Sect asked for power to prevent child visits

Sydney Morning Herald/December 27, 2006
By Michael Bachelard

The Greens senator Bob Brown will move for a Senate inquiry into the activities of the Exclusive Brethren religious sect next year after revelations of its long attempts to influence the Government on family law.

The Herald can also reveal that the Brethren met the Attorney-General, Philip Ruddock, early last year and asked him to amend the Family Law Act to "ensure that a child is not subject to a radical lifestyle change without compelling reason".

If the request was granted no child brought up in a Brethren family would be able to have access visits with a parent who had left the strictly separatist sect.

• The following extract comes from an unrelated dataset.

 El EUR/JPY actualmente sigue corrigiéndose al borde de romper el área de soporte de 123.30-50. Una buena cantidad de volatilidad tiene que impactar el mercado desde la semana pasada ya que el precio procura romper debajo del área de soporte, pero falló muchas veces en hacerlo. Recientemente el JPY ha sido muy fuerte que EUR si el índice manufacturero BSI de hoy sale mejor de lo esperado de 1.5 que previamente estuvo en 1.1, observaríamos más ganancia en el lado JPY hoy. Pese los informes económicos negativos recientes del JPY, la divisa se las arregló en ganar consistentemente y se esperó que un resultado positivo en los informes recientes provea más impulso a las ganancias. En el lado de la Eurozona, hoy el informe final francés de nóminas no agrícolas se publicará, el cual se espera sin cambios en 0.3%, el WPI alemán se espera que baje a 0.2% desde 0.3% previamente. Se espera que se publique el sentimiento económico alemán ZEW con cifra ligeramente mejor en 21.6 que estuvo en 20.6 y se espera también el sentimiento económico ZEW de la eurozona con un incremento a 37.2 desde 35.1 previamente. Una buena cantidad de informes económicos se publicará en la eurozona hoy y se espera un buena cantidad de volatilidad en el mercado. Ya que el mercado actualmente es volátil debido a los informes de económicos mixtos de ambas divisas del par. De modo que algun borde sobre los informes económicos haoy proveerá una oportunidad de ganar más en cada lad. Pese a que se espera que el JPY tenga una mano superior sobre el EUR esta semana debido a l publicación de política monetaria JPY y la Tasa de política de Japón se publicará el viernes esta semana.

Documents obtained by Fairfax also reveal that the Brethren representatives wanted Mr Ruddock, as part of the 2005 Family Law Act amendments, to beef up "parenting plans" to make them legally enforceable. Such plans are designed mainly to help separating parents sort out access arrangements, but the Brethren wanted to use them to prohibit parents who had left the sect from getting access to their children.

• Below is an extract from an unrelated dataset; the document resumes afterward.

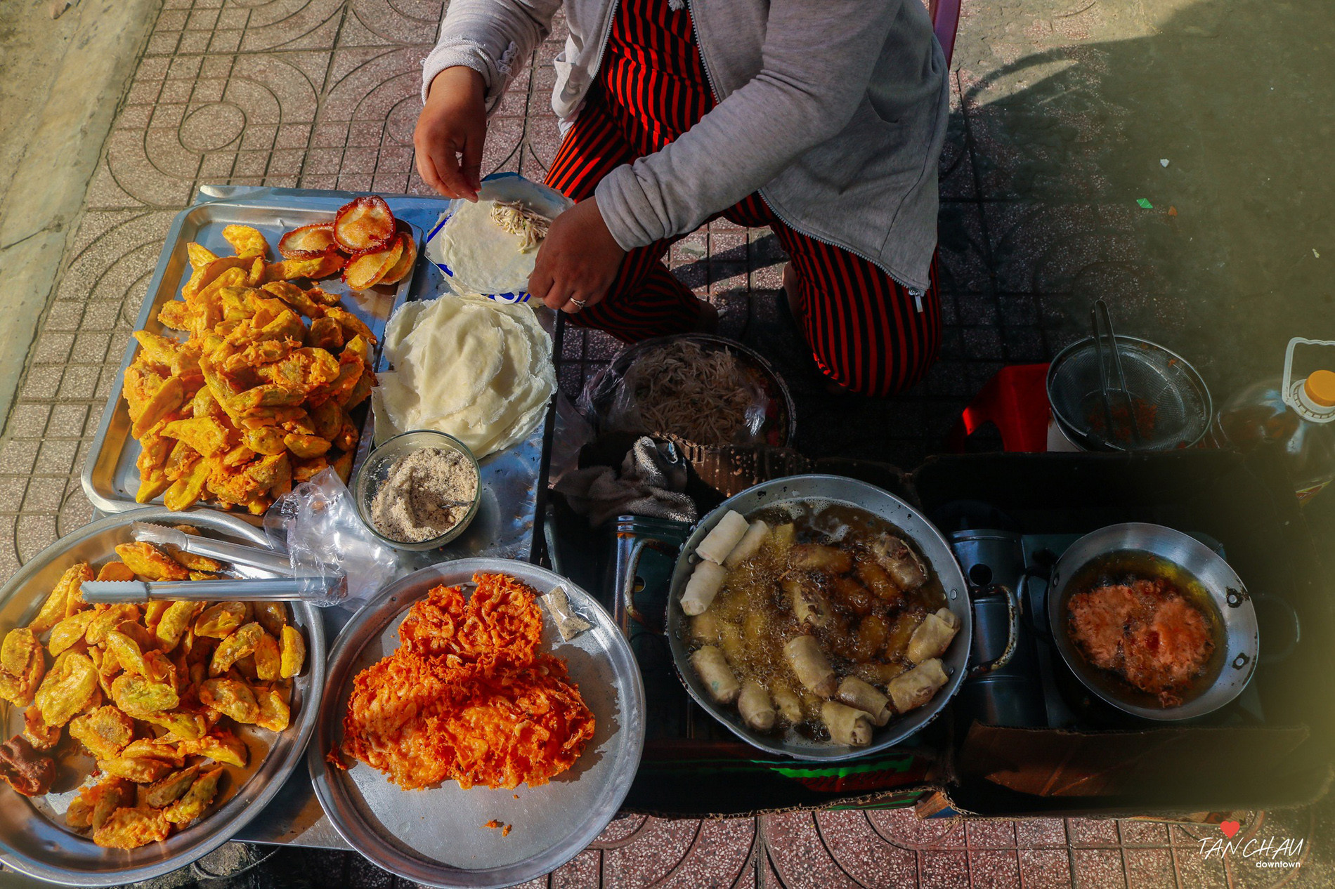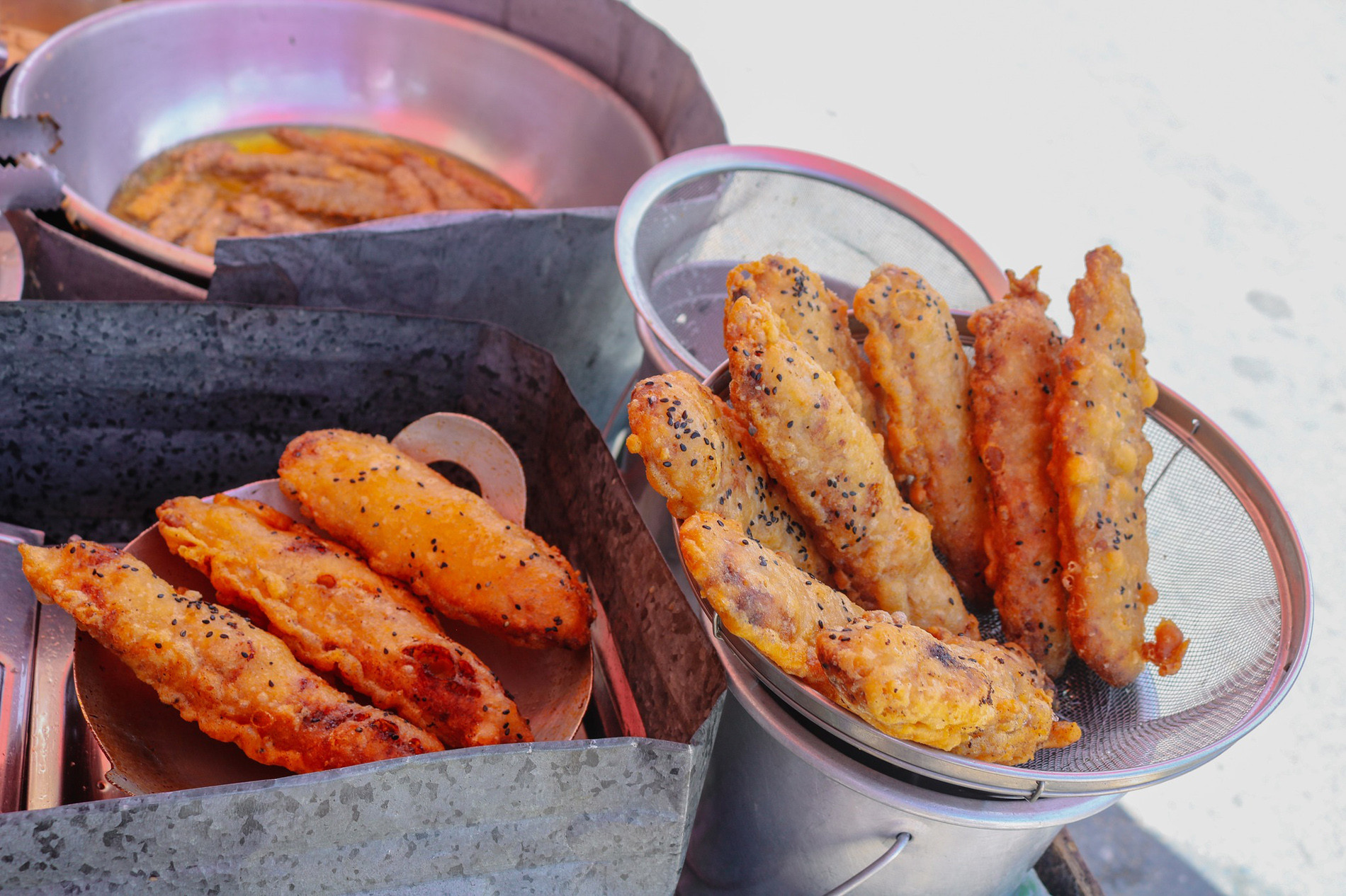 Bánh chuối sau khi chiên có lớp vỏ giòn rụm, giá chỉ 5.000 đồng/chiếc, đủ làm no bụng cho mọi người bữa xế chiều.

In a letter to Mr Ruddock on May 5 last year the sect described the concept of parenting plans as a "crucial issue".

"Why shouldn't the fact that a parenting plan has been adopted by the parties (even before any discord has arisen) be a factor that the court is expressly directed to take into account in determining issues?" sect representatives wrote to Mr Ruddock.

"Or could there be some presumption arising out of the fact that a parenting plan has been entered into?"

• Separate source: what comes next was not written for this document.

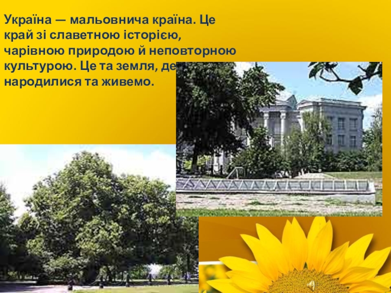 Слайд 6Україна — мальовнича країна. Це край зі славетною історією, чарівною природою

Such a provision would mean the Brethren could force newly married adherents to sign statements promising to bring children up within the strict rules of the sect, and then have those statements enforced by the court if the marriage broke down. Family law practitioners Fairfax has spoken to have ridiculed the idea.

Mr Ruddock's response to the Brethren was that the Government's changes would "emphasise the rights of the child and the right of the child to know both their parents".

The Herald revealed yesterday that the thrust of all Brethren lobbying in family law is to keep lapsed members away from their children, and keep children within the sect.

The group has been more successful in its lobbying in other areas. In industrial relations law it has been granted "conscience" clauses to prohibit unions from entering its businesses.

Senator Brown moved unsuccessfully earlier this year for a Senate inquiry into the sect, and he said yesterday he would put a similar motion next year.

"I want an inquiry into the impact and effort to undermine Australia's family law, and to override the interests of children for self-interest, which is the exclusion of Australian society from what they do."

He said Mr Ruddock should reveal all details of his and his predecessor Daryl Williams's dealings with the sect because "their success with IR laws shows they're used to getting a result out of the lobbying". Senator Brown has asked questions of 20 federal ministers about details of their meetings with the Brethren, but none has responded.

"This leverage on the Government and the Attorney-General is obviously very strong," Senator Brown said.

The documents obtained by Fairfax showed "a plan by the sect to gain precedence over all other Australian families".